Your objective: An exact copy of the data is needed, but without any of its images.

[[ Dataset records, beginning ]]

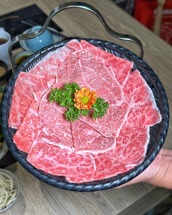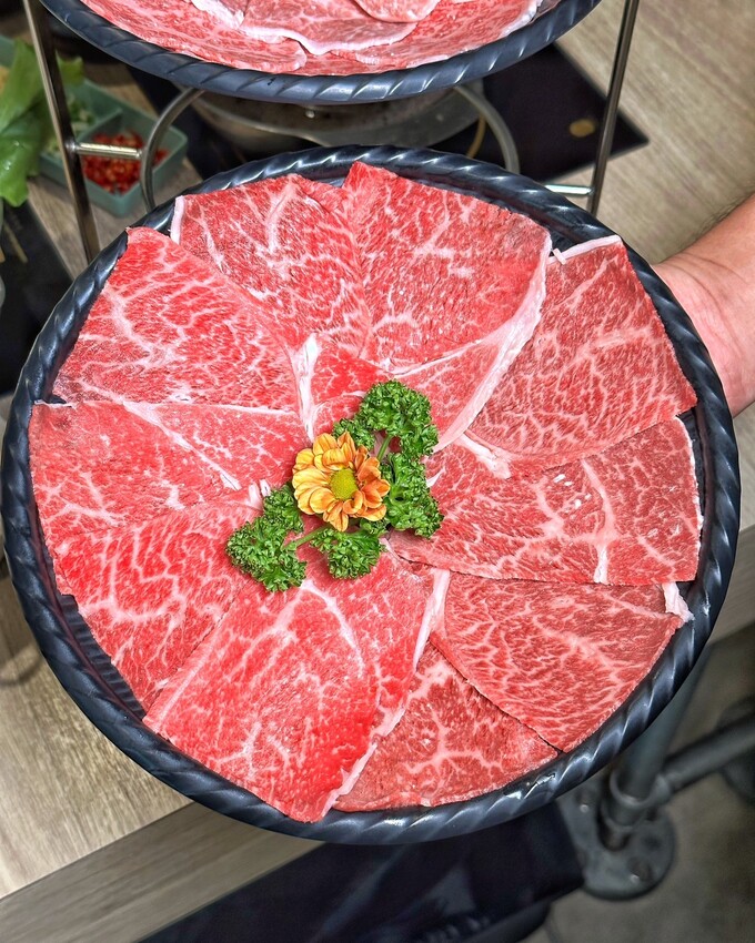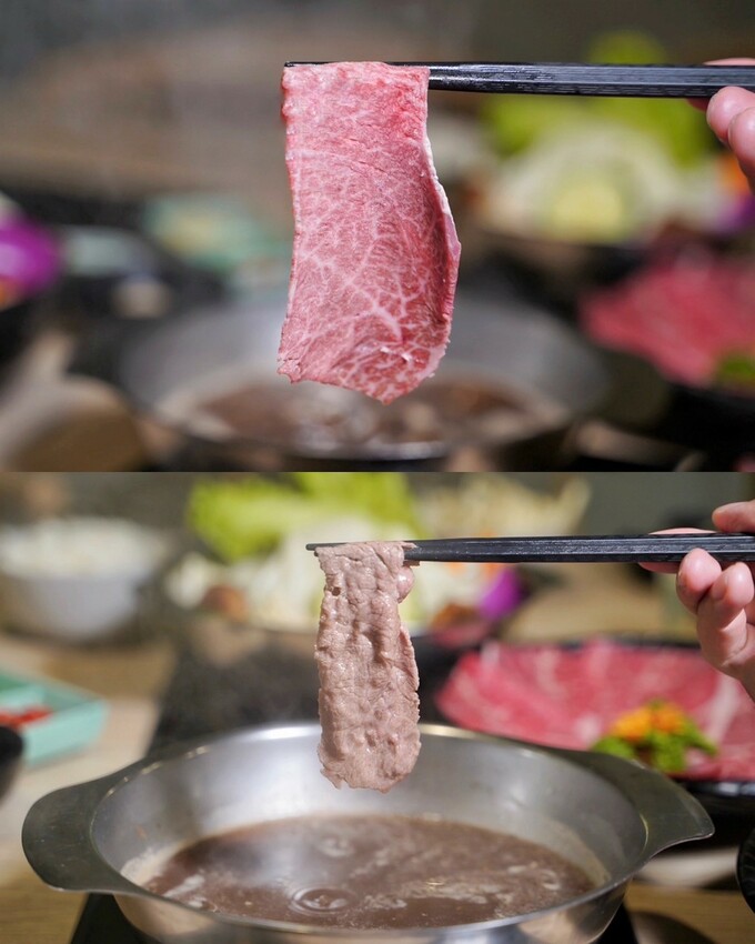 頂級和牛才有這油脂熔點低的特性,還有提供兩種部位,兩種油花都超級美,煮的時候建議在湯頭微滾狀態下,涮至粉紅色澤,即可享用那豐腴油脂帶來的入口即化口感,真的是一場味覺視覺的雙饗宴!記住不要大火下去涮和牛,不然和牛的甜味會流失掉唷!
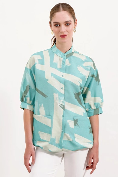 Camasa dama, imprimeu abstract, verde, viscoza, in
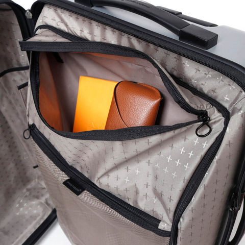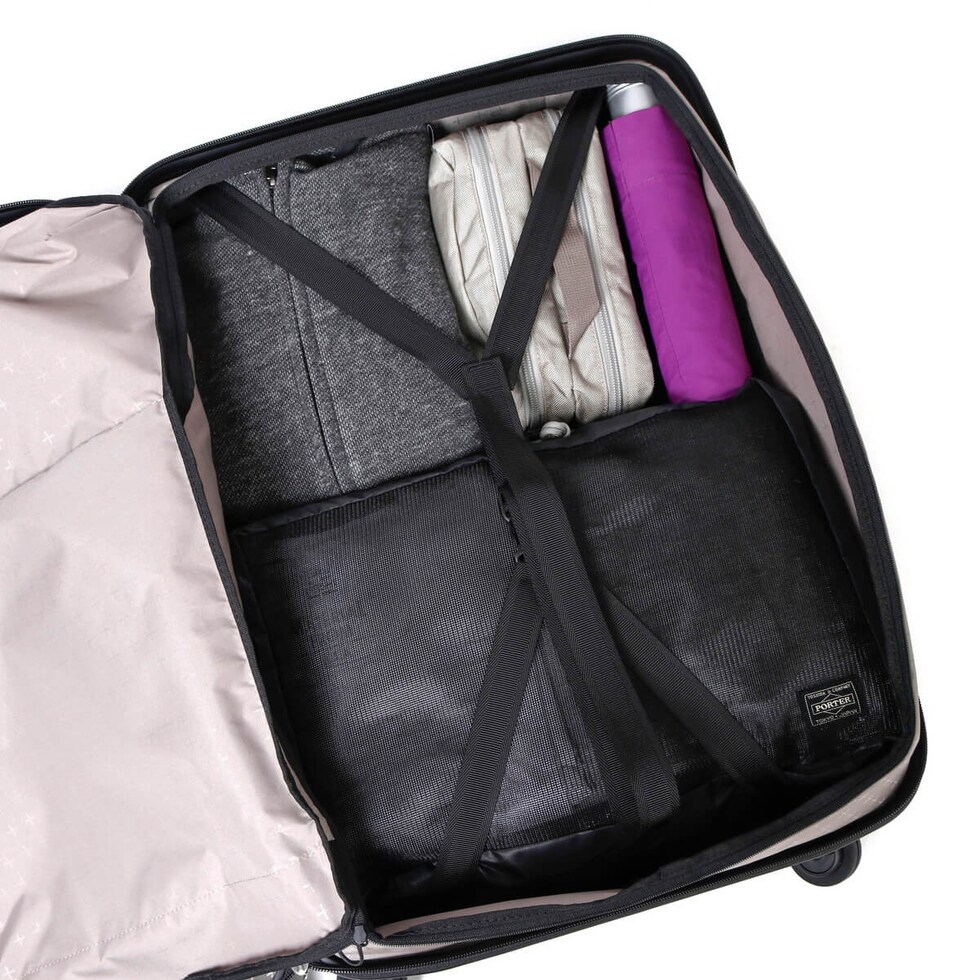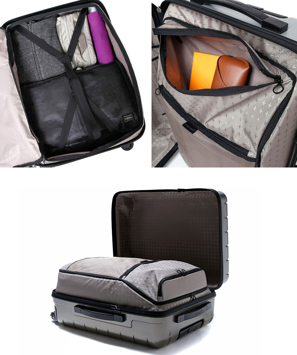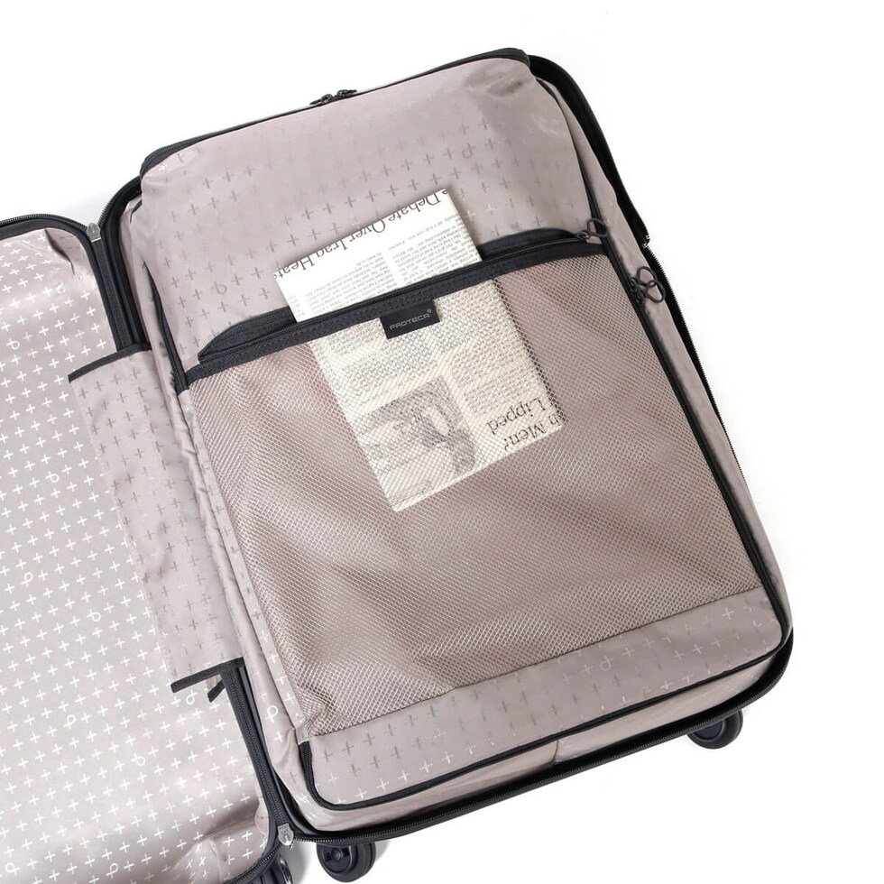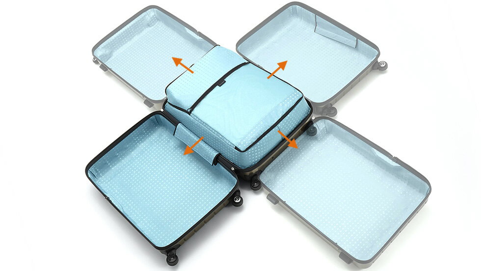 片面に荷物を集約して入れることで、ケースを閉める時に荷崩れしない画期的な収納スタイル。デッドスペースを少なくできるほか、整理のしやすさを格段にアップさせます。収納上部には、小物類を整理できる立体ポケットを装備。移動中や狭いスペースでも、タテ開きで出し入れできるレイアウトになっています。
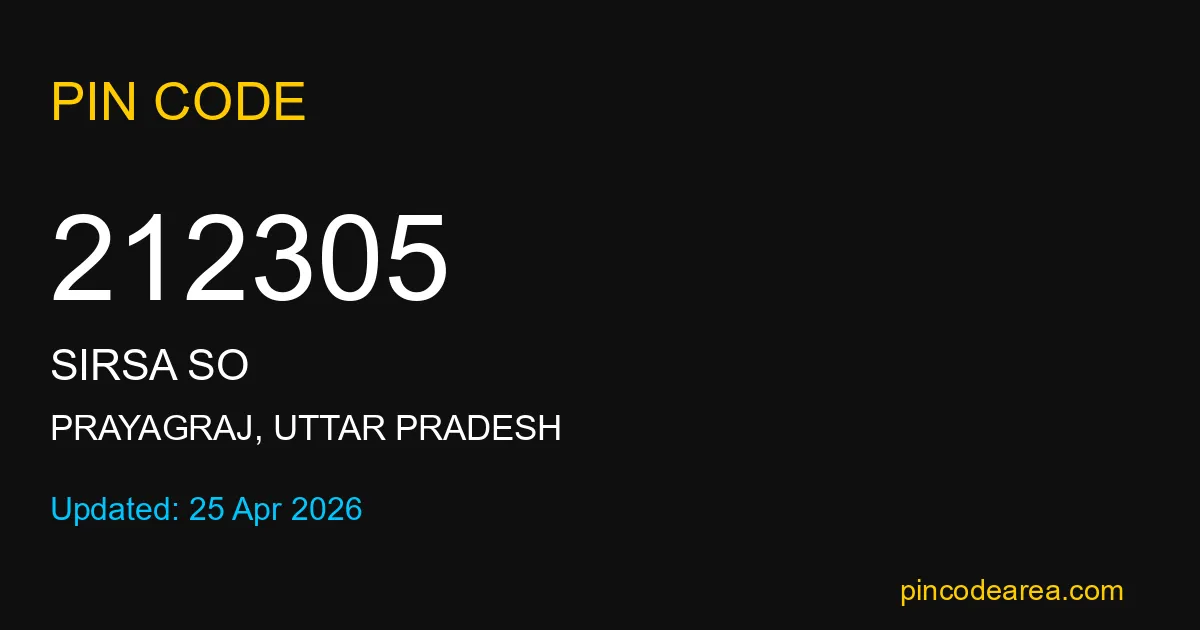 212305 PIN Code is assigned to Sirsa SO Post Office located in Prayagraj district of Uttar Pradesh. It helps in identifying the exact delivery area.
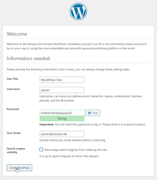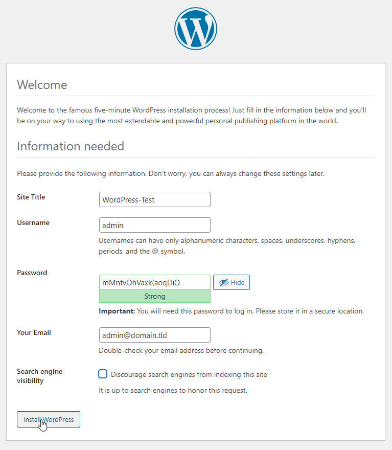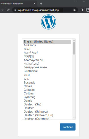 Beim Aufruf der angegebenen Domain (https://wp.domain.tld) meldet sich das WordPress-Setup. Für einen Testbetrieb auf dem eigenen Rechner und dem Aktivieren von Port 83 kann der Aufruf zudem direkt ohne Internet über die URLs http://localhost:83 oder http://ServerIP:83 erfolgen.
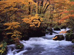 奥入瀬渓流一の急流が阿修羅の流れであり、たくさんの岩がある場所が九十九島と呼ばれる。

[[ Dataset records, end ]]

Answer box:
 頂級和牛才有這油脂熔點低的特性,還有提供兩種部位,兩種油花都超級美,煮的時候建議在湯頭微滾狀態下,涮至粉紅色澤,即可享用那豐腴油脂帶來的入口即化口感,真的是一場味覺視覺的雙饗宴!記住不要大火下去涮和牛,不然和牛的甜味會流失掉唷!
 Camasa dama, imprimeu abstract, verde, viscoza, in
 片面に荷物を集約して入れることで、ケースを閉める時に荷崩れしない画期的な収納スタイル。デッドスペースを少なくできるほか、整理のしやすさを格段にアップさせます。収納上部には、小物類を整理できる立体ポケットを装備。移動中や狭いスペースでも、タテ開きで出し入れできるレイアウトになっています。
 212305 PIN Code is assigned to Sirsa SO Post Office located in Prayagraj district of Uttar Pradesh. It helps in identifying the exact delivery area.
 Beim Aufruf der angegebenen Domain (https://wp.domain.tld) meldet sich das WordPress-Setup. Für einen Testbetrieb auf dem eigenen Rechner und dem Aktivieren von Port 83 kann der Aufruf zudem direkt ohne Internet über die URLs http://localhost:83 oder http://ServerIP:83 erfolgen.
 奥入瀬渓流一の急流が阿修羅の流れであり、たくさんの岩がある場所が九十九島と呼ばれる。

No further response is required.